Cartoon Network has published results of a new EMEA-wide study analysing 6-12 year olds views and behaviour around climate change.

The findings make clear that the health of the planet is a top priority for kids, and that they want to be part of the solution to one of the biggest challenges of our time.

The study – which was conducted in 13 countries across EMEA (UK, Germany France, Italy, Poland, UAE, Belgium, Netherlands, Luxembourg, South Africa, Romania, Turkey and Czech Republic – reveals that 90% of kids are concerned about climate change, citing worry, fear and sadness as their most common feelings.

Looking specifically at the UK, the study found that 77% of kids polled want to learn more about climate change. In addition, 84% want to do more to help fight climate change with 68% proactively looking for opportunities to get involved.

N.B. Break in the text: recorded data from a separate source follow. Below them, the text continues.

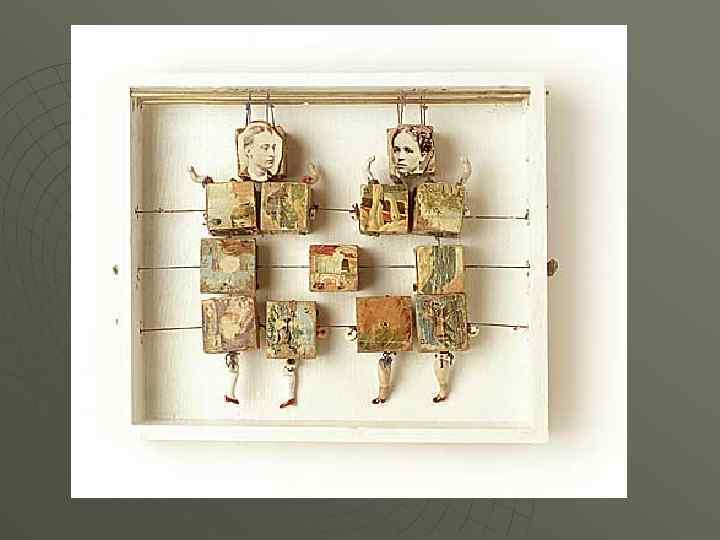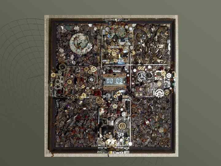 Ассамбляж u Ассамбляж был блестяще использован русскими художниками в начале XX века — Татлиным, Пуни, Родченко, — однако термин ввёл Жан Дюбюффе в 1953 г. для обозначения произведений искусства, выполненных из обломков естественных материалов, предметов или их фрагментов — например, из утиля. В широкий обиход термин вошел после выставки «Искусство ассамбляжа» , проходившей в нью-йоркском Музее современного искусства в 1961 г. , в частности, впервые широко представившей сюрреалистские ассамбляжи Джозефа Корнелла. Одним из основателей техники считается французский художник Сезар (картина «Мусорная корзина золотого голубя» , 1969), особенностью творчества которого являлось прессование материала для своих произведений.
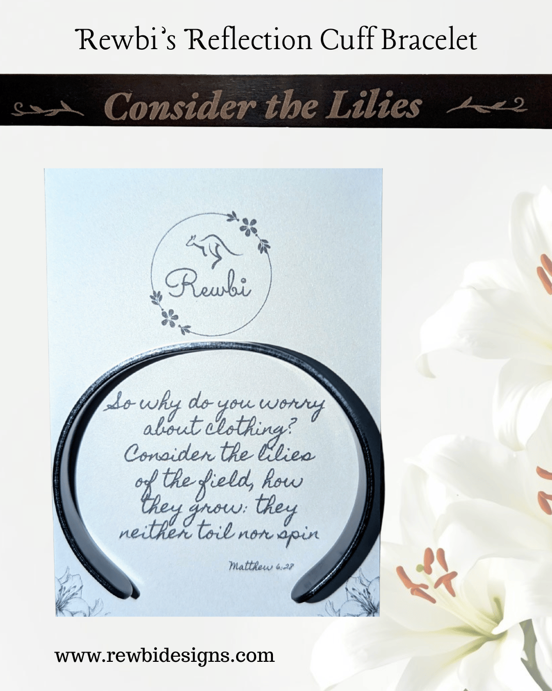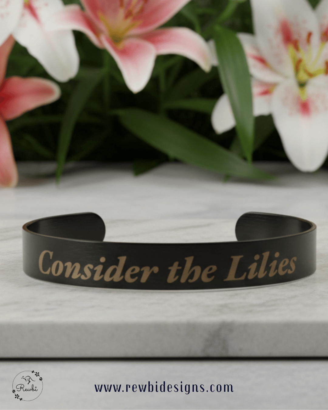 Rewbi’s laser-engraved Reflection Cuff Bracelets offer a gentle reminder to pause and reflect. In moments of overwhelm, we hope our "Consider the Lilies" Reflection Cuff Bracelet helps you let go of your worries and place your trust in God.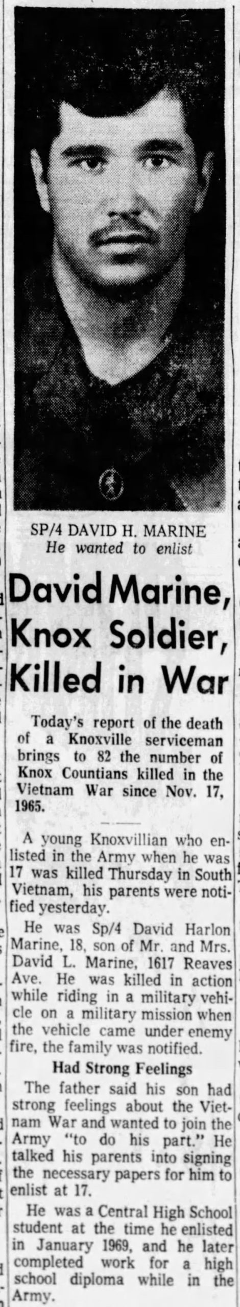 We always joked David was the only Marine in the Army. He was actually in the 82nd but attached to our unit. Marine and I became buddies right away because he just had an easy going personality. We had it set up to be gunners on choppers so we could be closer to fighting but on that fateful day our unit was convoying down a mountain pass on QL21 toward Nha Trang when we were ambushed with mortars and small arms fire. Marine was on a 60 in the back of a truck when he was hit. A chopper picked him up right away but the wound was too serious. When our convoy was preparing to leave that morning I tried to get him to ride in the crane with me but he was determined to man a machine gun. Also on that morning the American Flag became entangled on the flag pole where they could not get it down with the rope so I positioned the crane boom by the flag and Marine climbed it and brought the flag down. I never imagined in two more hours he would be dead. Bless his heart and family.

“The findings reinforce what we had already taken from conversations with our young fans – kids care immensely about the planet and are eager to get involved,” commented Vanessa Brookman, head of kids at WarnerMedia EMEA. “This fed directly into creation and launch of Cartoon Network Climate Champions – a bespoke climate change awareness initiative which invites kids across EMEA to take on daily challenges that help the environment.

“Although the campaign has only been live since 1 June, over 300,000 challenges have already been accepted which is testament to kids’ desire to take action. We are pleased to empower our audience in this way and impressed with how they are collectively making a difference.”

The study was undertaken as part of Cartoon Network’s multi-territory, multi-language climate change awareness campaign Climate Champions, which launched in the UK and across EMEA on 1st June 2021.

The initiative sets out to inspire kids to undertake small daily challenges that can make a world of difference to the health of our planet and has been developed in partnership with WWF.